Eric K. Pauer Sanders, a Lockheed Martin Company Signal Processing Center Nashua, NH 03061-0868 (603) 885-8358, Fax (603) 885-0631 pauer@sanders.com

#### ABSTRACT

Many of today's signal processing applications are becoming more and more computationally intensive, requiring an increasing number of processors to satisfy their needs. Along with the larger number of processors, the bandwidth needed to pass data among the processors has also increased dramatically. In many classes of applications, designing an architecture to satisfy the data passing requirements while maintaining cost and complexity at reasonable levels is very challenging. An answer to these classes of problems is the High Performance Scalable Computing (HPSC) architecture. It consists of clusters of processing nodes interconnected over a high performance network, implemented using the MYRINET[1] protocol.

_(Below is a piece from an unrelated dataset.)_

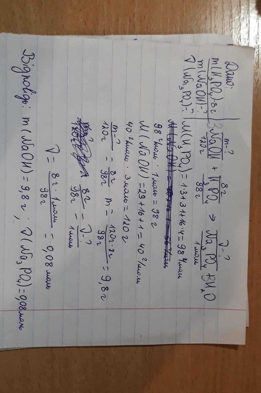 Яку масу гідроксиду натрію необхідно для нейтралізації 8гр ортофосфатної кислоти? Яка кількість речовини солі утворилась?

Application algorithms are partitioned and mapped onto the various processing nodes in the architecture for distributed execution. The goal of this simulation work is to provide a performance modeling capability to automate the evaluation of the performance of various architectural candidates with respect to network design choices. This capability allows the development team to quickly assess the impact of various design decisions. The results of the performance simulation help in tailoring an architecture and identifying a network topology and routing scheme that best satisfies the application's system requirements.

#### **KEYWORDS**

signal processing, distributed processing, performance modeling, discrete-event simulation, Ptolemy, MYRINET

## **1. HPSC AND MYRINET**

The purpose of the HPSC architecture is to enable the implementation of computationally intensive algorithms with high data bandwidth requirements on a distributed multiprocessor system. The philosophy behind HPSC is to decouple the application software executing on the processing nodes from the system software which passes data and messages among the nodes. Data is passed between the nodes over the MYRINET network [2], as depicted in a conceptual diagram of the HPSC architecture (figure 1). A processing node may contain programmable logic, like an FPGA or ASIC, but often contains one or more programmable processors such as a DSP or RISC processor.



Figure 1: HPSC Architecture and the MYRINET Network

The HPSC architecture specifies how communication occurs between nodes, but does not specify what happens within a node. A programmable device, called a LANai, provides a common interface between all of the processors with a node and the network, via a device called a LANai.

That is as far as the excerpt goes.